Nos dias que sobram entre tantos trabalhos, um amigo convidou-me para ir ao mato caçar patos selvagens para comer. Precisávamos chegar ao lago do Jussara, Coari, AM, com a canoa nas costas. Assim fizemos. Não levei armas, mas lembrava de muita habilidade com uma espingarda de pressão. Conseguia atirar no badalo do sino de uma capela e, da proa do barco, dividir a asas de uma jacinta (libélula) parada na praia, como que separando páginas de um livro aberto. Triste lembrar, penso agora, depois de ter crescido em sensibilidade franciscana e consciência da preservação das espécies de vida. Chegamos à beira do lago do Jussara, em menos de uma hora de caminhada. Colocamos a canoa na água. O nível do lagoa era baixo, podendo ser andado com água até os ombros, mas havia muito capim ou outra vegetação aquática. Com certeza, estavam submersas algumas feras.
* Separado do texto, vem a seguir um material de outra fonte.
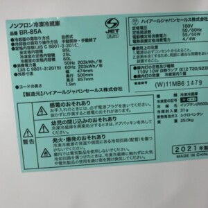 Haier BR-85Aは単身者向けコンパクト冷蔵庫として人気が高く、2021年製という点も評価ポイントとなりました。外装に軽微なスレがあったものの、庫内の美観・冷却性能・年式の新しさを総合的に判断し、当社では500円の査定価格をご提示しました。当社では出張費・搬出費すべて無料で対応しております。
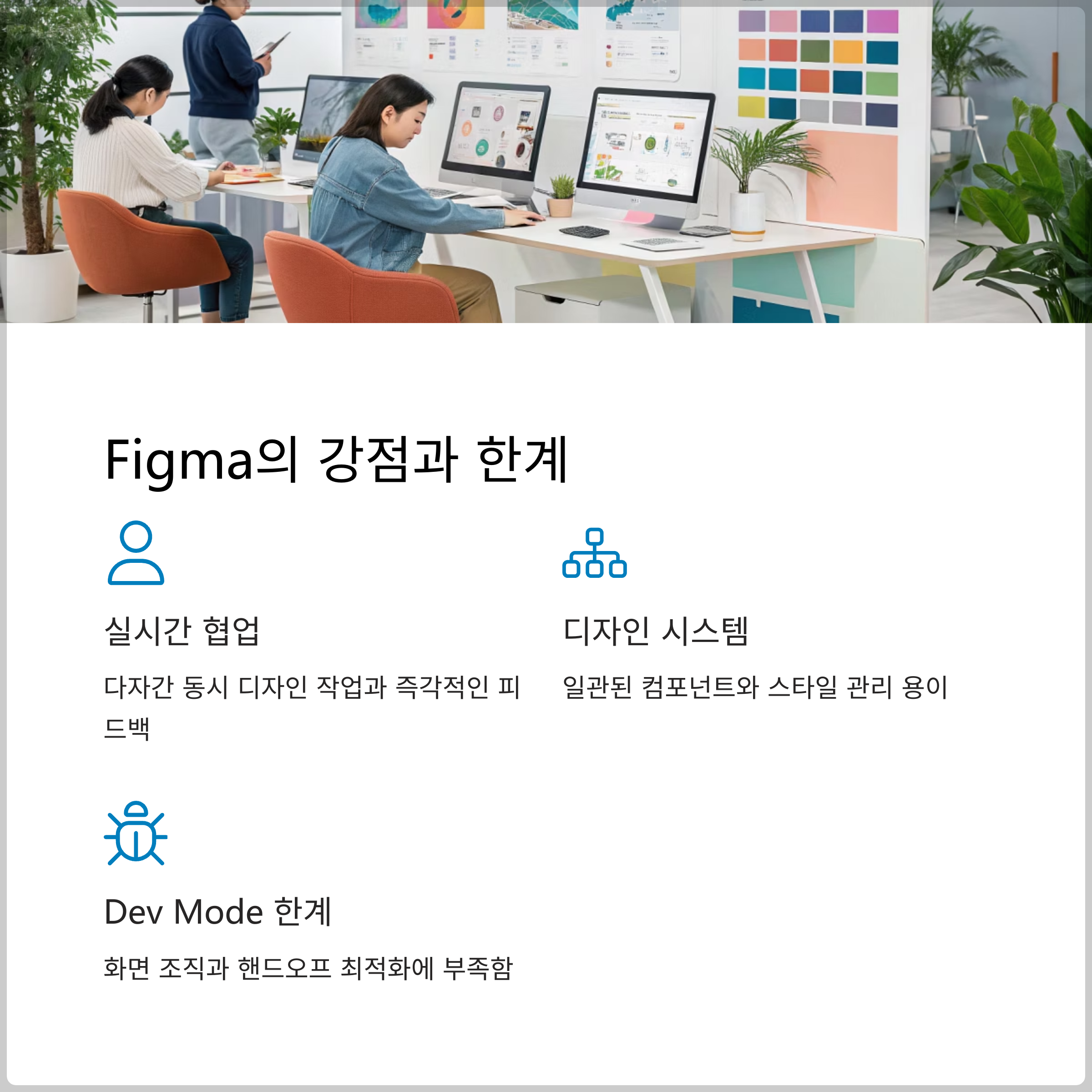 Figma Dev Mode는 개발자를 위한 기능이지만, 아직은 Zeplin처럼 명확하고 상세한 스펙 전달이나 버전 관리 측면에서 일부 부족한 부분이 있습니다. 대규모 프로젝트에서는 추가적인 핸드오프 툴이 필요할 수 있습니다.
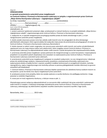 Załącznik OŚWIADCZENIE w sprawie przeniesienia autorskich praw majątkowych na Centrum Kultury i Promocji w Kocmyrzowie-Luborzycy w związku z organizowanym przez Centrum „Moja Gmina Kocmyrzów-Luborzyca – najpiękniejsze zakątki” Ja /imię i nazwisko/…………………………………………………………..zamieszkała/y w………………………../kod pocztowy/ ……………ulica ……………………………… /PESEL/ ……………. , legitymująca/y się......................................................................................................... seria i numer DO lub paszportu oświadczam, że: 1. jestem autorem/ opiekunem prawnym zdjęć, przekazanych w ramach konkursu na projekt widokówki „Moja Gmina– najpiękniejsze zakątki”, organizowanego przez centrum Kultury i Promocji w Kocmyrzowie-Luborzycy; 2. wyłącznie mi, w sposób nieograniczony przysługują wszelkie prawa do dzieła określonego w pkt.1, w tym nieograniczone autorskie prawa majątkowe; 3. dzieło zostało stworzone przeze mnie bez udziału osób trzecich oraz nie zaciągnąłem do dnia dzisiejszego jakichkolwiek zobowiązań, które ograniczałyby lub wyłączały moje prawo do przeniesienia przysługujących mi praw na Centrum Kultury i Promocji w Kocmyrzowie-Luborzycy, Baranówka 6: 4. dzieło stanowi w całości utwór oryginalny, nie narusza praw autorskich osób trzecich, jest wolne od jakichkolwiek zapożyczeń oraz nie mają miejsca żadne inne okoliczności, które mogłyby narazić Centrum Kultury i Promocji w Kocmyrzowie-Luborzycy na odpowiedzialność wobec osób trzecich z tytułu korzystania lub rozpowszechniania dzieła; 5. przenoszę autorskie prawa majątkowe i prawa pokrewne do nieograniczonego w czasie korzystania i rozporządzania projektem na wszystkich polach eksploatacji oraz zezwalam na wykonywanie przez Centrum Kultury i Promocji w Kocmyrzowie-Luborzycy autorskich praw zależnych; 6. przeniesienie autorskich praw majątkowych następuje na zasadach wyłączności, na czas nieograniczony i obejmuje prawo do wielokrotnego wydania, rozpowszechniania, powielana, przetwarzania (chociażby częściowo) oraz wykorzystania dzieła w każdej formie z użyciem wszelkich środków technicznych w szczególności drukiem, technika reprograficzną, zapisu magnetycznego oraz techniką cyfrowa za pomocą jakiegokolwiek nośnika informacji na gruncie wszystkich pól eksploatacji 7. Centrum Kultury i Promocji w Kocmyrzowie-Luborzycy będzie uprawnione do udzielenia licencji osobom trzecim na korzystanie z praw do dzieła oraz zbycia majątkowych praw autorskich; 8. przekazane przeze mnie projekty, które nie zostały wybrane w wyniku konkursu nie podlegają zwróceniu i mogą pozostać w siedzibie Organizatora; 9. znana jest mi treść regulaminu Konkursu, o którym mowa w pkt. 1; Oświadczający ponosi wyłączną odpowiedzialność za naruszenie dóbr osobistych lub praw autorskich i pokrewnych osób trzecich w związku z realizacją niniejszego oświadczenia przez Centrum Kultury i Promocji w KocmyrzowieLuborzycy, zobowiązując się dobrowolnie zaspokoić wszelkie ewentualne roszczenia wynikłe z tego tytułu. Baranówka, dnia …………......... 2013 roku ................................................................................................ czytelny podpis autora ..................................................................................... czytelny podpis składającego oświadczenie
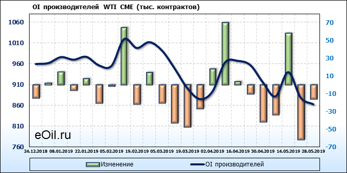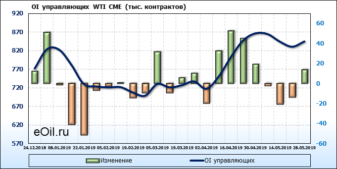 Отчет по открытому интересу. WTI. Биржа CME Group на 01.06.2019
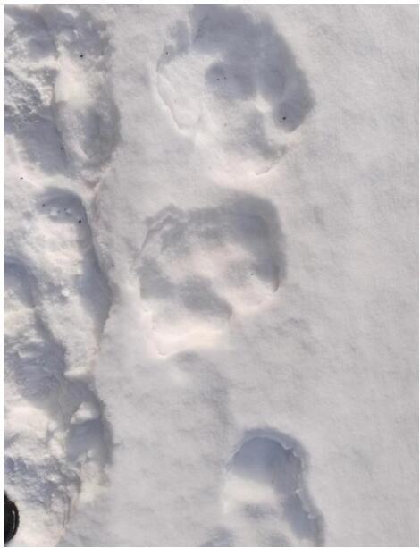 14日,新开林场一号管护站工作人员巡护时,在距离管护站仅百余米远的路上发现大型野生动物足迹和卧痕,经鉴定为野生东北虎觅食和休息时所留。

Meu amigo Ernani, que chegara do alto rio Juruá, levou-me até uma tranqueira que ficava debaixo do dormitório dos patos. Ali me posicionei com uma espingarda na mão, mas com a obrigação de ficar sem se mexer e de não fazer barulho, se quisesse abater um pato. Assim aguardaria o pousar de um deles, ao anoitecer.
Eu fiquei ali em estado de penitência. Os outros colegas desapareceram para fazer outras artimanhas a fim de capturar os patos quase com as mãos. De onde estava posicionado, observei um monturo de capim se movimentando com um galho sobre ele. Era exatamente o meu amigo que colocara um monte de capim sobre a cabeça, segurando a espingarda fora d'água, como que imitando a ação do vento a empurrar uma moita e um galho para que ele chegasse bem perto dos patos e capturá-los.
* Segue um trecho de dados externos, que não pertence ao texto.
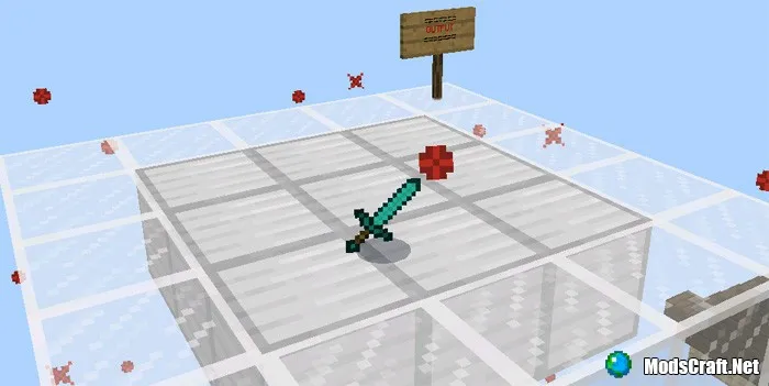Для начала Вам нужно определиться с предметом или блоком, который Вы хотите создать. В этом примере я решил сделать алмазный меч. Для этого крафта нужна 1 палка и 2 алмаза. Используйте кнопки на стене, чтобы получить все необходимые компоненты.
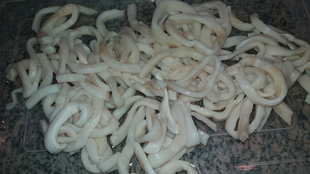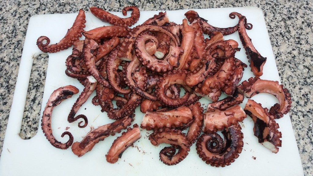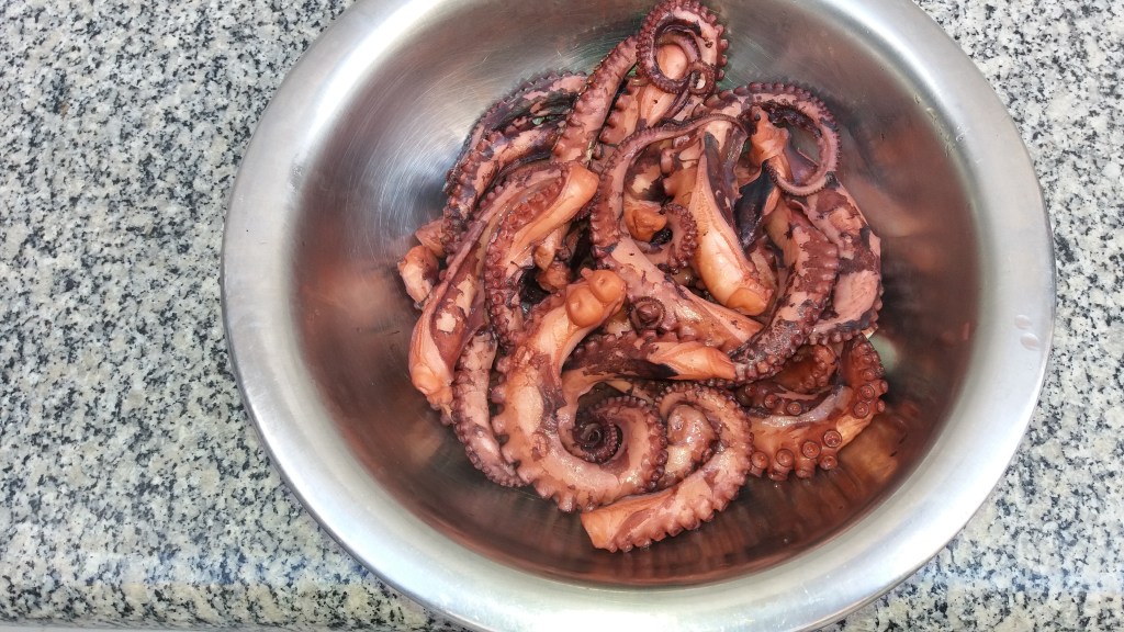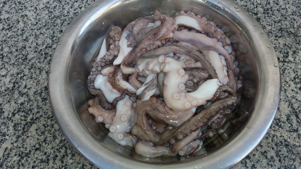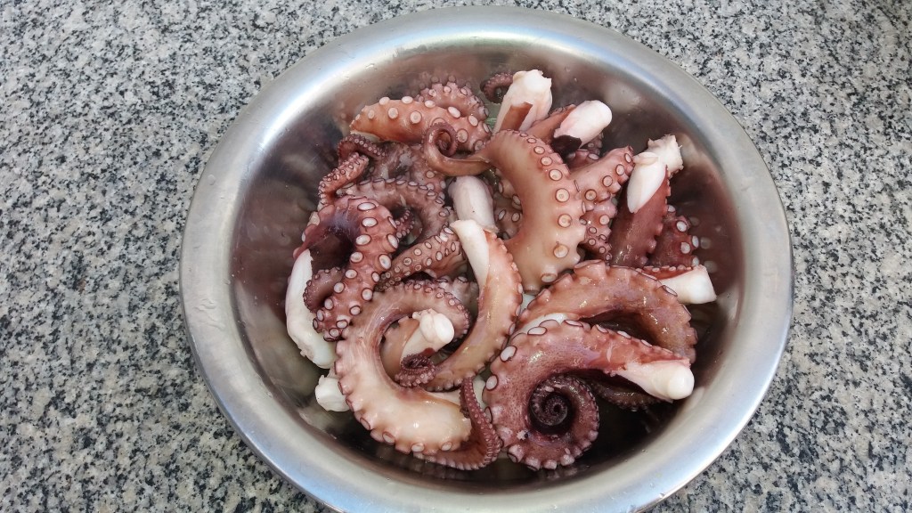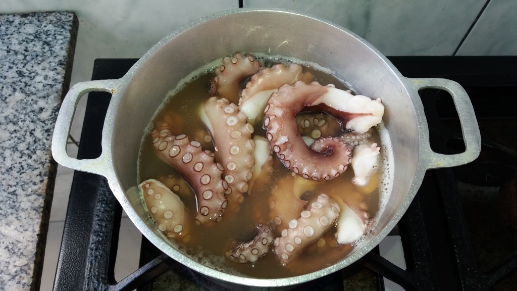 – Polvo (um dia antes)- Lave bem todo tentáculos, limpando bem o lodo das ventosas; com os tentáculos inteiros, de uma leve escalfada até ferver; escorra e jogue agua de fervura fora.

Enquanto isso, via-me como um eremita da floresta, paralisado sobre tocos e galhos de árvores, molestado por formigas e insetos, sem poder me mexer. Muita penitência para meu inquieto corpo e desobediência real. Preferi imaginar-me navegando naquele lago, em companhia de Jesus, retirado da comunidade para refazer as forças. Mas, naquela situação, não dava para rezar do jeito que eu achava que deveria.
A comunidade era, em grande parte, composta de nordestinos que trabalharam no Rio Juruá, Am., como "soldados" da borracha. Eram filhos dos primeiros aventureiros nordestinos que resolveram baixar até o Médio Rio Solimões, em busca de novas chances de sobrevivência, menos opressoras.
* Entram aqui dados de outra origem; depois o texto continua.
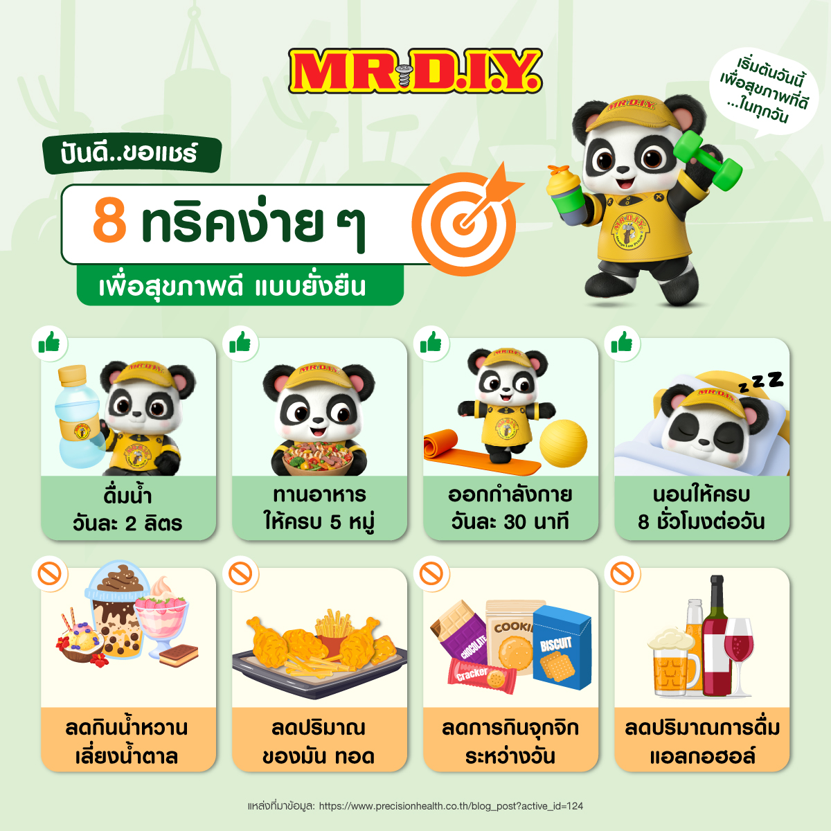 D.I.Y. พร้อมเป็นส่วนหนึ่งของการดูแลสุขภาพในทุกวัน ด้วยของใช้เพื่อสุขภาพและไลฟ์สไตล์ที่เลือกได้ง่าย ในราคาสบายกระเป๋า หาซื้อง่าย ที่ MR. D.I.Y. ทุกสาขาใกล้บ้านคุณ
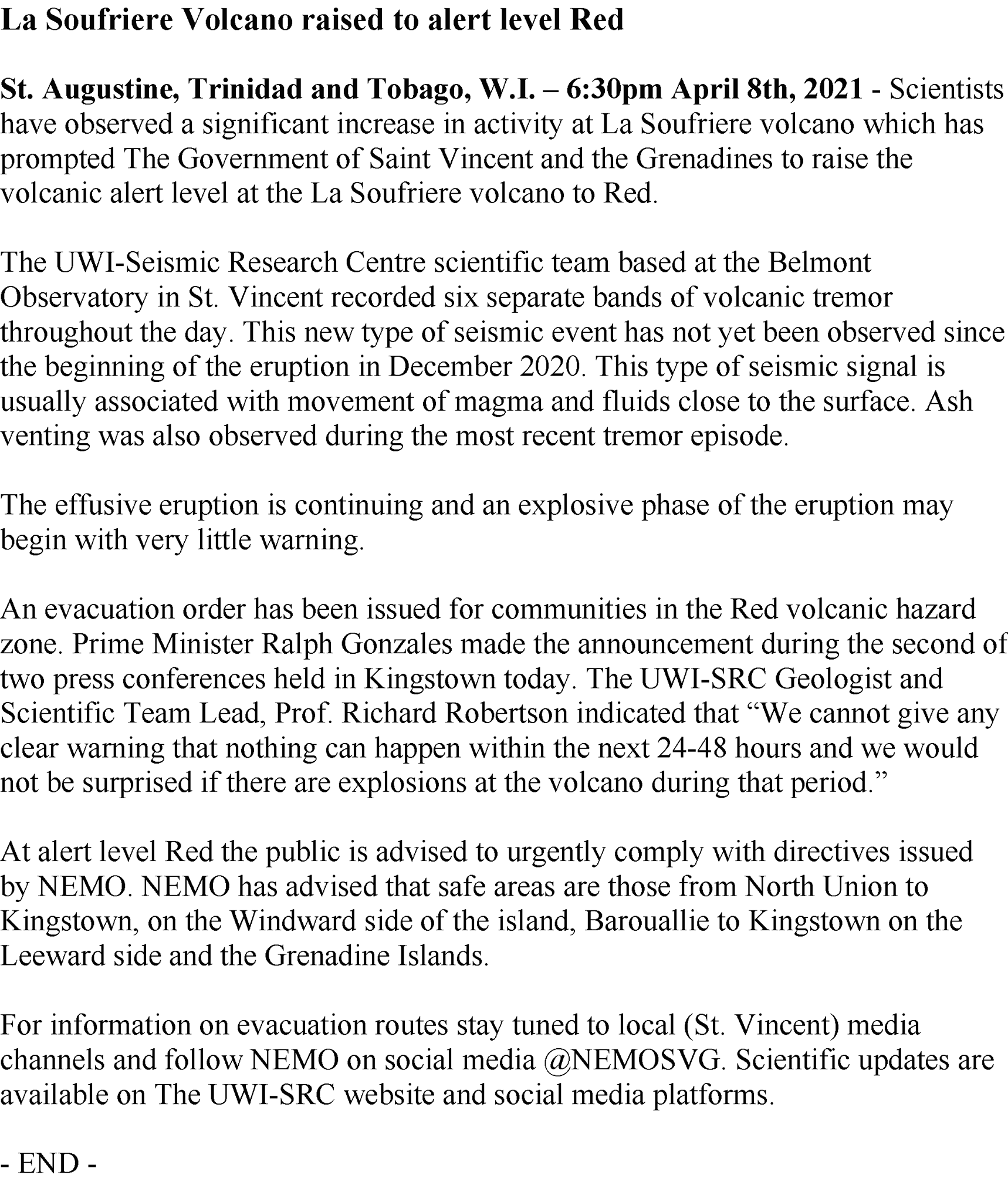 Substantial prospect of disaster. Level 3 declared by Prime Minister. NEMO boss tells residents to “be ready, get your things in order.” #lasoufriereeruption#beready
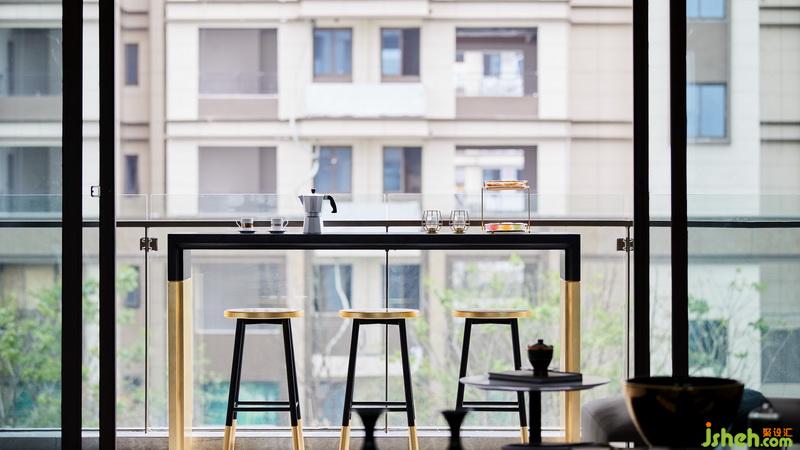 观景阳台是客厅向室外的延伸,以实木和金箔打造吧台区,精致与休闲感并存,于此尽揽户外风光,颇有“闹中取静”、“忙里偷闲”之态。

Através destes retirantes, conheci um êxodo de uma família, cujo jovem filho, habilidoso na construção naval, planejou sua fuga com mínimos detalhes. Construiu um batelão, às escondidas, prevendo a enchente do igarapé, para fugir com a família em uma noite escura, sem o patrão saber para não impedir, até que pagasse suas dívidas, nunca saldadas; provavelmente, porque era muito exploradora a relação de trabalho.
Lembro-me muito dessa comunidade que se chamava Santa Maria, uma das mais ousadas para melhorar suas condições de vida. O anúncio do Reino deveria levar a unir a fé com a vida.
Por serem nordestinos, chegados das distâncias dos rios, onde em grande parte isolados e cativos da compra de bens de extrema necessidade, tinham aprendido a fazer açúcar. Com essa experiência organizaram um pequeno projeto de fabricação de açúcar e rapadura. Adquirimos uma moenda e deixamos para trabalharem em mutirão, germinando uma cooperativa que nunca aconteceu por razões de longas distâncias entre seus interessados.
Apesar de todas as tentativas de progredir na vida, tivemos com o açúcar gramixó uma vida mais doce e fraterna, que se juntou com a fé, fazendo-os perseverantes e na esperança de dias melhores.